Alternatively, a company having a good working capital shows healthy signs as it goes to show that it would be able to make its payments on time.

X2 (Retained Earnings/Total Assets): Retained Earnings refers to the profits of the previous years that are not distributed to the shareholders as dividends. A high amount of retained earnings shows that the company has sufficient funds to fall back on. In case of losses for a short period also the company would not fall into a bad financial crisis situation. On the other hand, low retained earnings shows that any kind of loss can throw things off balance, as the company does not have sufficient funds to fall back on.
X3 (Earnings before Interest and Taxes/Total Assets): This ratio indicates the firm’s earning potential. EBIT refers to earnings before interest and taxes and this shows the income or the earnings of the company which is to be distributed between three major groups namely, the shareholders (in the form of dividends), the creditors (as principal and interest) and to the government in the form of taxes.
X4 (Market Value of Equity/Book Value of Total Liabilities): Market value of Equity or market capitalization is a ratio to determine the market value or the value of the firm in the stock market. In case of the firm going bankrupt the market value of its share is going to dip drastically, thus, a high market value indicated the public confidence in the financial position of the company.
If a stock has a high market value then in case of any financial crisis, issuing more shares and generating money from the market would not be an issue for the company. A further issue would benefit the creditors as they are now sure that the company is in a position to repay their money but on the other hand this would reduce the earnings of the existing shareholders.

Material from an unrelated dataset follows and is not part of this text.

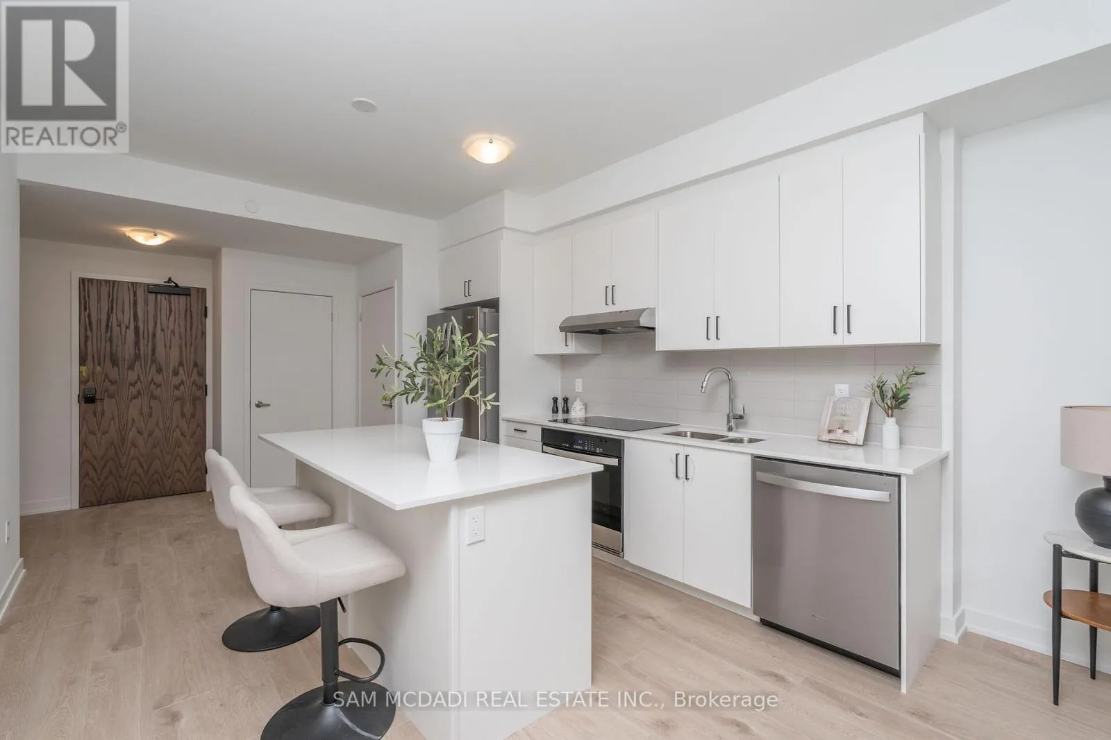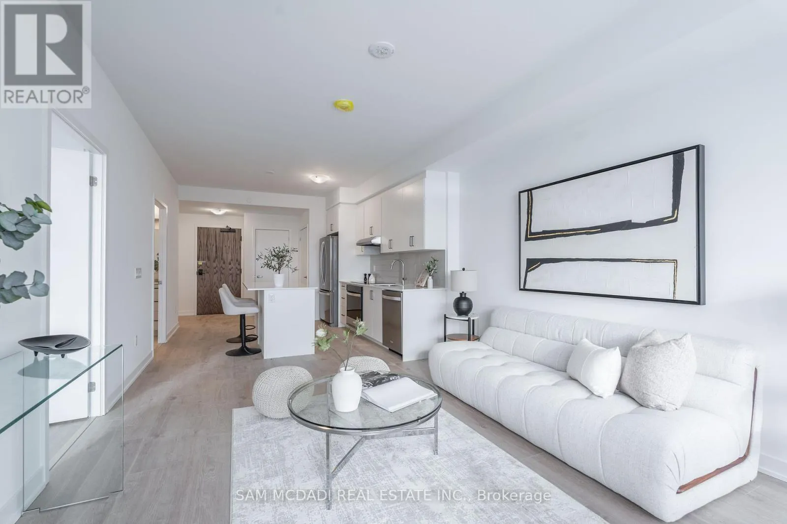 Cross Streets: Lakeshore Rd W & Southdown Rd. ** Directions: Take Erin Mills Pkwy S to Southdown Rd S. Fully Furnished Unit! Welcome to this new beautifully designed 801 sq. ft. condo in the sought-after Clarkson community! This modern unit is dressed to impress with modern furniture pieces for Tenant's use and features stunning vinyl hardwood floors and floor-to-ceiling windows, creating a bright and inviting open-concept living space. The spectacular kitchen is a chefs dream, boasting quartz countertops, a large centre island, and plenty of storage. The spacious bedroom offers two closets and convenient access to a gorgeous 4pc semi-ensuite, combining style and functionality. A versatile den provides the perfect setup for a home office or study. Additional highlights include a walk-in laundry room and thoughtfully designed finishes throughout. Located in a vibrant neighbourhood close to Jack Darling Park Memorial Park, Clarkson Go station, Port Credit's bustling restaurants, cafes, and boutiques, and more! Quick commute to downtown Toronto via the QEW! An exceptional place to call home! Building amenities will include a swimming pool, a gym, a roof top terrace/patio, a sauna, a pet washing station, and ample visitor parking. Internet, water and heat are included in the rent. Tenant's will be responsible for monthly hydro. (id:27476)

X5 (Sales/Total Assets): This ratio is known as asset turnover ratio and is an indicator of how efficient the company is in using its assets and thus, generating income or sales.
Unreliable Books

The Z-score can be affected by situations where the books of the company are not maintained accurately or properly. Like for example, in the case of “WorldCom” the management of the company made a mistake and ended up recording few billions as capital expenditure when it had to actually figure under the heading of “operating expenses”.

Such an entry in the books would have two significant effects; it would result in overstating the assets of the company and also overstating the earnings. The X3 ratio would be affected by the overstated earnings whereas on the other hand the ratios like X1, X2 and X5 would be affected by overstated assets. These accounting problems will lead to a situation of lowering the Z-score of the company.

Testing the condition with WorldCom

The applying of the Z-score model on the WorldCom Company for the years 1999, 2000 and 2001 goes to show that the Z-score of WorldCom has been falling rapidly. This goes to show how the accounting abnormalities can adversely affect the Z-score.

A Test Using WorldCom


Edward Altman’s model is very different from the initial studies made, which were based all on a single ratio. His Z-score model that he developed is a comprehensive study that involves conclusions drawn on the basis of five ratios.

The five ratios study the various aspects of the company and are good indicators of the company’s financial condition and are thus, useful in predicting bankruptcy. At the time there were several doubts and queries regarding the effectiveness of the Z-score model in being able to predict bankruptcy.

There were several other models that were proposed by experts in the field like Fischer Black, Myron Scholes, Robert Merton and the like. Although there was several other models proposed yet the Z-score model proposed by Edward Altman continues to remain the best-tried and tested formula for ascertaining the credit worthiness of the company.